I am really excited to bring you an awesome guest post today! You might recall that about a week ago, in a post titled “Consumption to the point of destruction,” I wrote:
I need your help. I’ve got a couple of ideas brewing for posts, but I want to know what things irk you about our over-consuming nature? Tell me (either in the comments or by emailing me directly) and together we can look at those things and dig a little deeper into them.
One of the suggestions I received in the comments to that post was to “creatively re-purpose.” And not only did Pam provide this suggestion — she wrote a fascinating post that shares how she and her husband, artist Kevin Kellar, make re-purposing a part of their daily lives.
So please join me in giving Pam Dillon, an Ottawa-based writer, a very warm welcome to Coffee with Julie!
by Pam Dillon
My husband is a dumpster diver. A hauler-home of other people’s junk. As an artist and a unique thinker, he sees merit and possibilities in items discarded and thrown away.
I was a slow learner in this regard. But, after years of rolling my eyes and shaking my head, I finally get it: There’s power in creative repurposing.
It started with scrap metal on the floor of a sheet metal shop where Kevin worked in Kingston. He was a fine arts student then. Instructed to sweep up the mess and put it in the garbage, he looked down and saw geometric shapes and reflected light.
That trash came home with him. He’s been bringing home cast-offs and found treasures ever since. In the two decades since those days of school and scraps, there have been many art shows in public and private galleries. People usually think his fine art photographs are abstract paintings. They are, in fact, images of leftover metal and random objects that illustrate the potential in what is.
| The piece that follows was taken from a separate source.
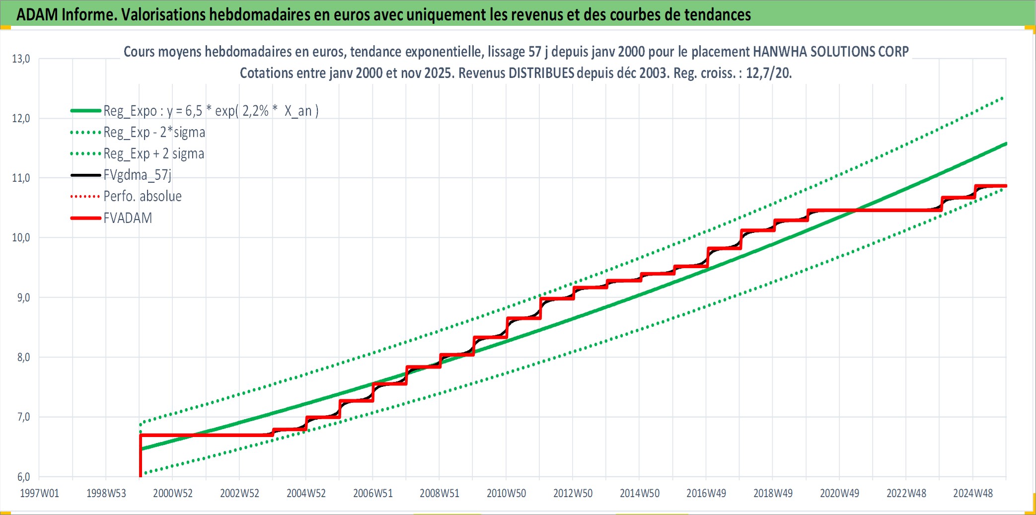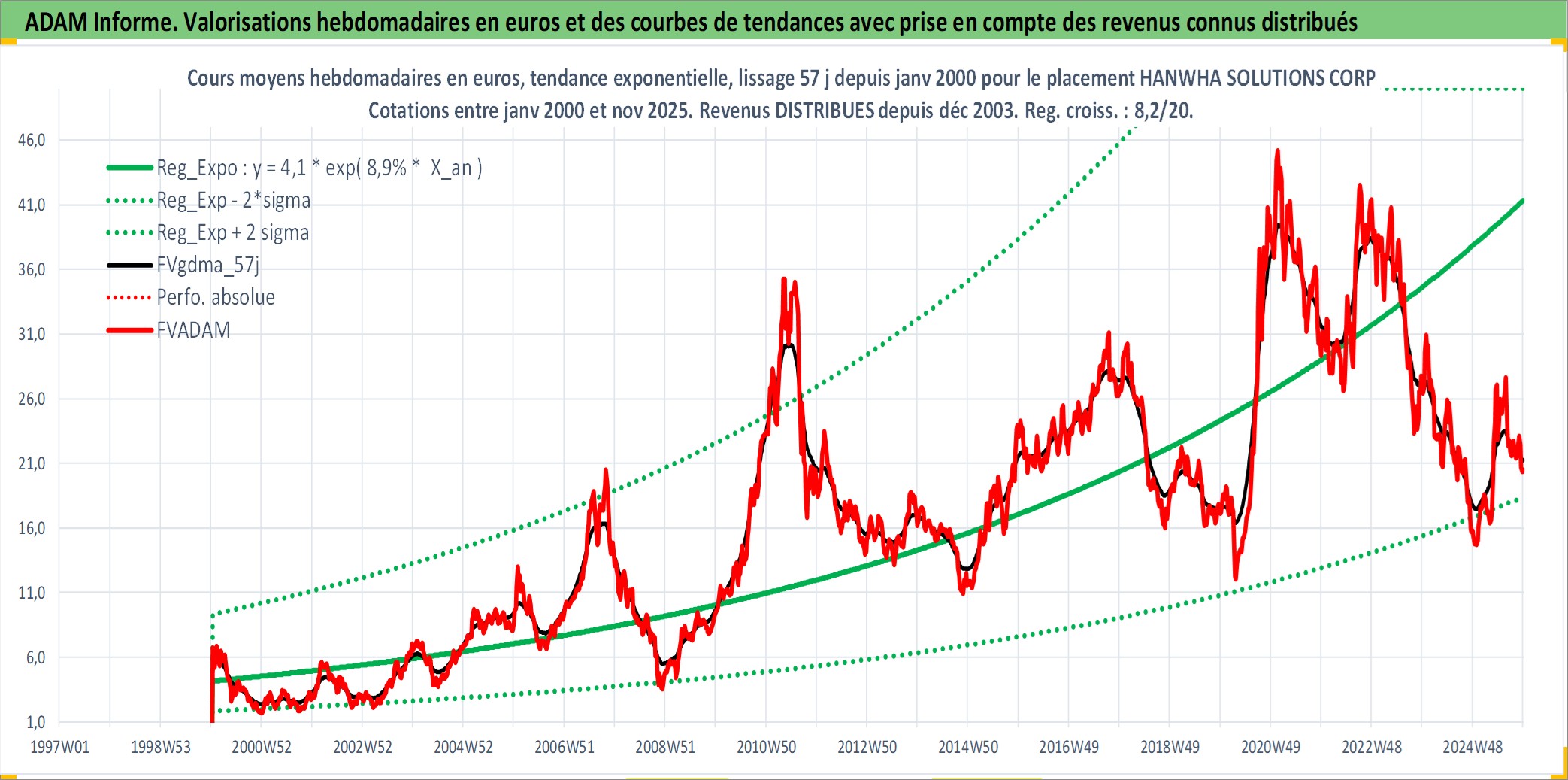 Site dédié aux investisseursPage dédiée sur site financeAnalyse des valorisations hebdomadaires de l'action HANWHA SOLUTIONS CORP. Cet actif est cote en KRW. Les valorisations sont en contrevaleur EURO et couvrent les semaines 2000W02 a 2025W48. Les revenus de cet actif financier sont pris en compte depuis la semaine 2004W01. La note ESG de cet actif n'est pas connue.

Kevin Kellar's art work is an ode to the joy of creative repurposing
We live that way. The Man Cave, tucked into the bush at the edge of the backyard, started out as old plywood in a heap of construction waste. The big pine tree chopped down last spring became tables, seats and flowerpot stands in the garden. When my friend lent me a punch bowl for a party and insisted I keep it because she didn’t have room, it became a fruit bowl – full of grapefruit and oranges, apples and bananas. In a couple of bedrooms, neat piles of books now sit on the wee wood chairs my boys sat on when they were toddlers. There is an antique dresser in the living room and another in my home office because they are lovely and provide convenient storage. A sewing table my father built for my mother is used for my printer, along with office supplies. On my desk, there is a lumpy, heart-shaped pottery vase, inexpertly painted pink and yellow. Full of pens, pencils and erasers, it reminds me of a fun day and the fact that I have zero aptitude for crafts.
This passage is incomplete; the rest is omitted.